Por Everton Cardoso*
Assistir à segunda montagem da Companhia de Ópera do Rio Grande do Sul, a Cors, de A Flauta Mágica, é de uma satisfação sem precedentes para quem acompanha a cena local e gosta de espetáculos líricos. Temos visto já há alguns anos, um renascer desse gênero em Porto Alegre. Desde que as orquestras universitárias da região deixaram de ter a presença que tiveram em outros tempos, vínhamos vendo uma redução nas montagens operísticas, mas esse movimento se reverteu com propostas como a da Ospa de levar à cena pelo menos uma ópera por ano e com iniciativas mais pontuais como a da Orquestra do Theatro São Pedro com a estreia de O Engenheiro, de Tim Rescala, há um ano. Ver este grupo recém-formado trazer à cena esta segunda montagem apenas quatro meses depois da ótima apresentação de Cavalleria Rusticana é, pois, um grande motivo para celebrar.
A récita, realizada no Theatro São Pedro na última terça-feira (27), teve casa lotada e plateia aplaudindo entusiasmada. Poderia haver mais indícios de que o grupo de cantores e cantoras líricas que se organiza ao redor de uma iniciativa como esta soube entender os anseios e desejos do público porto-alegrense, ávido por noites líricas? Apresentada em uma versão mais curta, sem os recitativos, a montagem deu conta de nos transportar para as aventuras e desventuras de personagens criados no século 18 pelo libretista Emanuel Schikaneder para esta composição de Wolfgang Amadeus Mozart. Trazendo como pano de fundo o embate entre o conhecimento e a ignorância, a obra apresenta dois romances que vão norteando uma trama que pretende contrapor os iniciados no mundo da racionalidade e aqueles que ainda não o descobriram.
A opção do diretor cênico e artístico Carlos Rodriguez, barítono já conhecido, foi por combinar as cenas do elenco com o momento da composição por Mozart, interpretado por Eiko Senda, que executava a música ao piano, e da escrita por Schikaneder, que ganhou vida pelo maestro e compositor Ronel Alberti da Rosa, que contava a história. Alternando momentos mais narrativos com as exibições de canto, fica uma pergunta com relação ao resultado da estrutura: será mesmo preciso que a narração antecipe elementos que, depois, serão apresentados em forma de canto ou encenados? É claro que se pode pensar que um formato assim pode ser bastante didático e comunicar-se mais facilmente com públicos menos habituados à linguagem operística. No entanto, parece relevante deixar certa abertura poética, ou seja, deixar que os trechos musicados sejam os protagonistas, que nos causem as sensações. Afinal, ópera justamente é o drama musicado: a confluência entre palavras, melodia, canto, instrumentação e interpretação cênica é que tem o potencial de nos tocar de modo mais profundo.

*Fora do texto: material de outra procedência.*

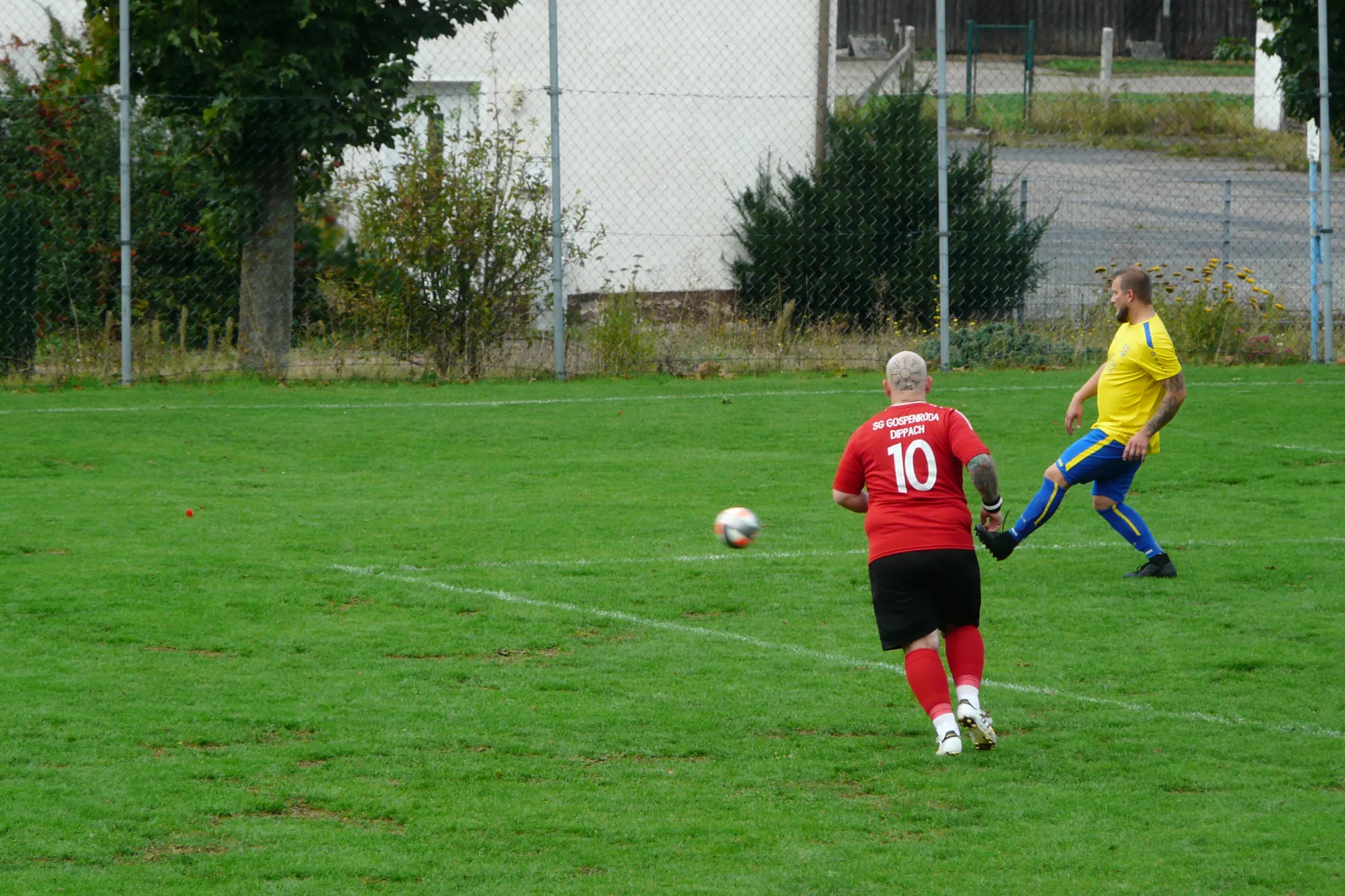 Reißig appellierte, den Fokus weiterhin zu halten. Nach Spielen wie in Ütteroda und Frauensee, könnten es sich die Eckardtshäuser nicht leisten, erneut ein Leistungshoch aus der Hand zu geben. Das Vorhaben ließ sich nahtlos umsetzen. Gospenroda III fand nicht das benötigte Gaspedal, auch wenn sie nun mehr offensive Nadelstiche setzten. Marvin Berger wurde im Sprint von Tommy Mengis abgedrängt. Vorne blieb der SV 49 brandgefährlich, kam mit Seiler über links, der mit dem Außenrist in den Fünfmeterraum legte und dabei Bachmann durch die Hosenträger schoss. Zirpel hielt auf der Linie den Fuß dran und stellte auf 4:0 (50.). Die Reißig-Elf hob sich durch den permanenten Wechsel von Angriffs- und Ruhespiel, guter Zweikampfführung, mutigen Ideen und richtigen Laufwegen hervor. So auch Steven Neumann, der Tommy Mengis' hohen Laufpass erkannte und das Leder mit dem Oberschenkel über den herausgeeilten Luca Bachmann hob, um abgezockt ins Tor zu schieben (5:0/53.). Gospenrodas Hintermannschaft schien nun zu zerfallen und bot bei Flanken und Steckpässen alle Räume, die der SV 49 brauchte und erkannte. Zudem stellte Martin Reißig positionell um, brachte Toni Berndt für die Position des „Letzten Mannes“ und schickte Mengis neben Jonas Manß in die Sturmspitze. Mengis, der zwei Tage zuvor bei seinem Alte-Herren-Debüt gleich mal einen Hattrick im Derby gegen Marksuhl erzielte, machte mit Übersicht und einem Assist direkt auf sich aufmerksam. Kaßner war Nutznießer des Querpasses und zielte geradewegs in den verwaisten Kasten (6:0/63.). Niemand ahnte zu diesem Zeitpunkt, welch' denkwürdiger Treffer Momente später bevorstehen würde. Von links flankte Neumann in Richtung des Elfmeterpunktes, wo Tommy Mengis zum Geniestreich ansetzte und den Spielball höchst ästhetisch und platziert per Seitfallzieher im Netz unterbrachte – ein Wahnsinnstreffer (7:0/69)! Natürlich legte er zwei Minuten später auch Benjamin Zirpels zweiten Tagesjubel auf und war am 8:0 mitbeteiligt (71.). Die Hausherren beließen es zunehmend häufiger bei weiten Klärungsschlägen, von denen David Kowalski einen behauptete und bis in den Strafraum drang. Im Eins-gegen-Eins schüttelte er Berndt ab und erzielte den Ehrentreffer aufs kurze Eck (8:1/73.). Der über das gesamte Spiel hinweg bissige und zweikampfstarke Lukas Huhn hielt die richtige Antwort parat, drang von rechts bis in den Fünfmeterraum und spielte die Kugel im Fallen zu Benjamin Zirpel, dessen zweiter Schussversuch im Tor landete (9:1/75.). Und weil es so schön war, wollte Tommy Mengis die Gesetze der Physik abermals auf die Probe stelle. Morgenweck flankte, woraufhin Mengis zum zweiten Mal zu einem Seitfallzieher ansetzte, ihn aufs Tor brachte, diesmal jedoch an Bachmann scheiterte – doch nicht mit ihm. Blitzschnell richtete sich Mengis auf und zirkelte den Nachschuss mit seinem schwachen rechten Vollspann passgenau ins linke Dreiangel (10:1/78.). Stichwort linkes Dreiangel: Bei Marc-Kevin Kaßners „Hybridversuch“ – halb Schuss, halb Flanke – machte die Kugel erneut Bekanntschaft mit dem Winkel und flog unhaltbar über den Keeper hinweg (11:1/86.). Tobias Hüttig hatte mit Übersicht quergelegt. Der Schlusspunkt gehört aber den Gastgebern, als Morkos einen langen Schlag unterschätzte und beim Klärungsversuch Gegenspieler Kowalski anstatt des Balles traf. Dieser richtete sich allerdings auf und lief alleine über die Linie hinaus (11:2/90.).

O elenco teve desempenho satisfatório. Ao ter escolhido diversos cantores menos conhecidos do público, o diretor explora e referenda justamente o potencial que têm projetos como a Cors: a criação, movimentação e estabelecimento de uma cultura operística regular na cidade, com mais trabalho para os profissionais e mais espetáculos para apreciadores do gênero. O destaque da noite, sem dúvida, fica com Papageno na interpretação do baixo Guilherme Roman. O cômico e intrépido caçador de pássaros divertiu a todos que estávamos lá, sobretudo em duas cenas. A primeira quando, sentado, faz um dueto com Pamina — trazida à cena pela soprano Débora Faustino. Papageno come biscoitos e, ao cantar, exagera nos trejeitos e cospe, arrancando gargalhadas do público. A segunda, ao final da ópera, quando finalmente encontra sua Papagena — a soprano Elisa Lopes — e, com ela, forma uma família com suas quatro Papageninhas. Momentos como esses são para ficar memória e nos fazerem querer ver mais.

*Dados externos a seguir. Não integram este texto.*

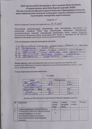"Горный ЖОББМ" КММ-де тамақтанудың сапасына мониторинг қараша айы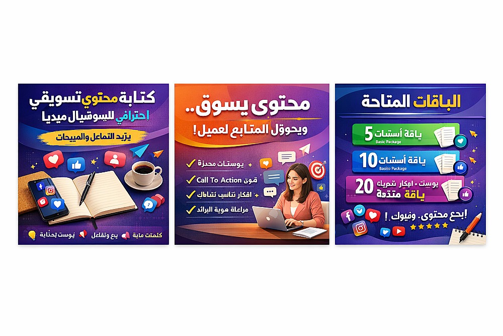 خدمة كتابة بوستات احترافية للسوشيال ميديا بأسلوب جذاب ومناسب لجمهورك. تشمل كتابة بوست واحد بعدد كلمات حوالي 100 كلمة، مع مراعاة هدف المحتوى وطبيعة النشاط.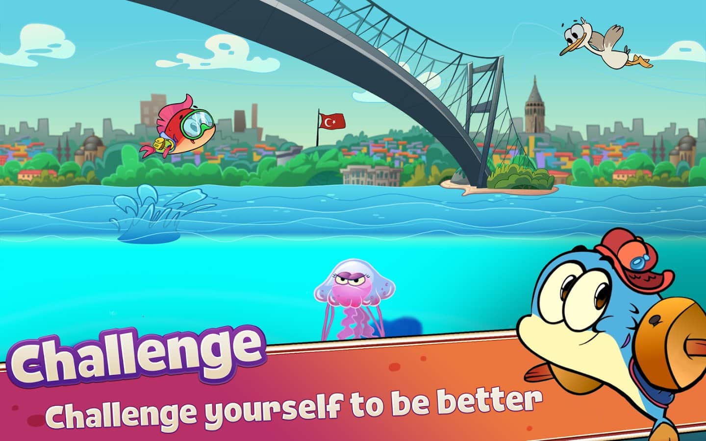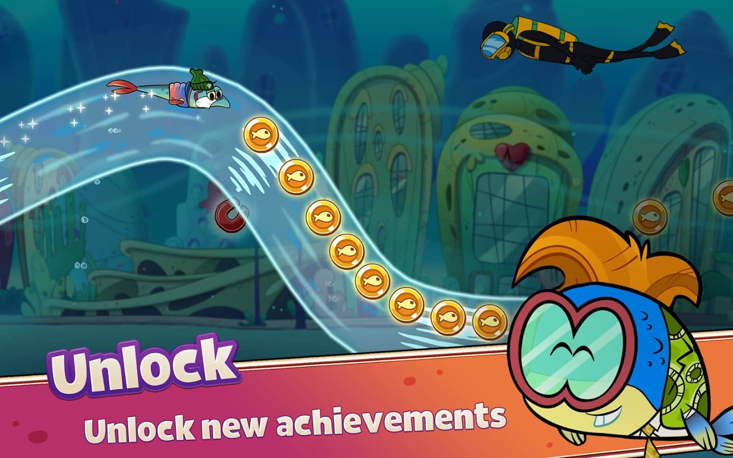 Macera Dolu Finler - küçük balığı kontrol altına alın ve onu oyunun tüm bölgelerinde yönlendirin. Balığımız, yolu üzerindeki tüm engelleri aşarak deniz derinliklerinde yüzüyor, ona mümkün olduğunca çok para toplamasında yardımcı olun. Ekrana bir parmak dokunuşuyla balığın yukarı ve aşağı hareketini kontrol edin. Dalgıçlar, kuşlar, botlar ve diğer balıklar gibi sayısız engelle çarpışmamaya çalışın. Yolda birçok para ve bonus toplayın, bu bonuslar size daha hızlı yüzme veya yolda bulunan tüm paraları mıknatısla çekerek toplama imkanı verecek. Bu oyunda mümkün olan en uzun mesafeyi kat edin ve kendi rekorunuzu kırın.

Depois desse espetáculo, uma certeza nos resta: a Cors é um movimento de beleza e ânimo únicos e tem potencial de ter uma dimensão ainda maior. A Ospa, nesse sentido, já tem nos dado demonstrações ao reunir instituições e artistas de diversos perfis ao redor de si, como foi o caso de Ospa na Sbornia, concerto de 2018 no qual a orquestra juntou vários artistas e mesmo uma escola de samba para trazer o universo de Tangos e Tragédias.
Depois de duas montagens da Cors acompanhadas pelo piano, surge uma pergunta da qual não podemos escapar, em se tratando de óperas: quando veremos uma montagem da Companhia com orquestra? É claro que se sabe das questões todas de produção e do quanto estes são os primeiros passos desse conjunto recém-formado. Mas seria demais desejar uma rica, completa e variada cena lírica para Porto Alegre? Fica a certeza de que não, já que o que temos visto nos palcos da cidade em montagens de diferentes instituições nos leva a sonhar.